Pediatric and adult multiple sclerosis (MS) share many genetic variants suggesting similar biological processes are present, a recent study found. Major histocompatibility complex (MHC) variants beyond HLA–DRB1*15:01 and HLA–A*02 are also associated with pediatric-onset MS (POMS). Researchers comprehensively investigated the association between established MHC and non-MHC adult MS-associated variants and susceptibility to POMS. Cases with onset <18 years (n=569) and controls (n=16,251) were included. Adjusted logistic regression and meta-analyses were performed for individual risk variants and a weighted genetic risk score (wGRS) for non-MHC variants. Results were compared to adult MS cases (n= 7,588). They found:
- HLA–DRB1*15:01 was strongly associated with POMS.

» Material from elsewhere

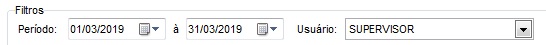 É possível filtrar por data e usuário, para isso, defina a data e o usuário localizados no início da tela, no exemplo abaixo vamos gerar uma auditoria do mês 03 do usuário SUPERVISOR.

- Furthermore, 28 of 104 non-MHC variants studied (23%) were associated; POMS cases carried, on average, a higher burden of these 28 variants compared to adults, though the difference was not significant.
- The wGRS was strongly associated with POMS and higher, on average, when compared to adult cases.
Gianfrancesco MA, Stridh P, Shao X, et al. Genetic risk factors for pediatric-onset multiple sclerosis. [Published online ahead of print October 5, 2017]. Mult Scler. doi:10.1177/1352458517733551.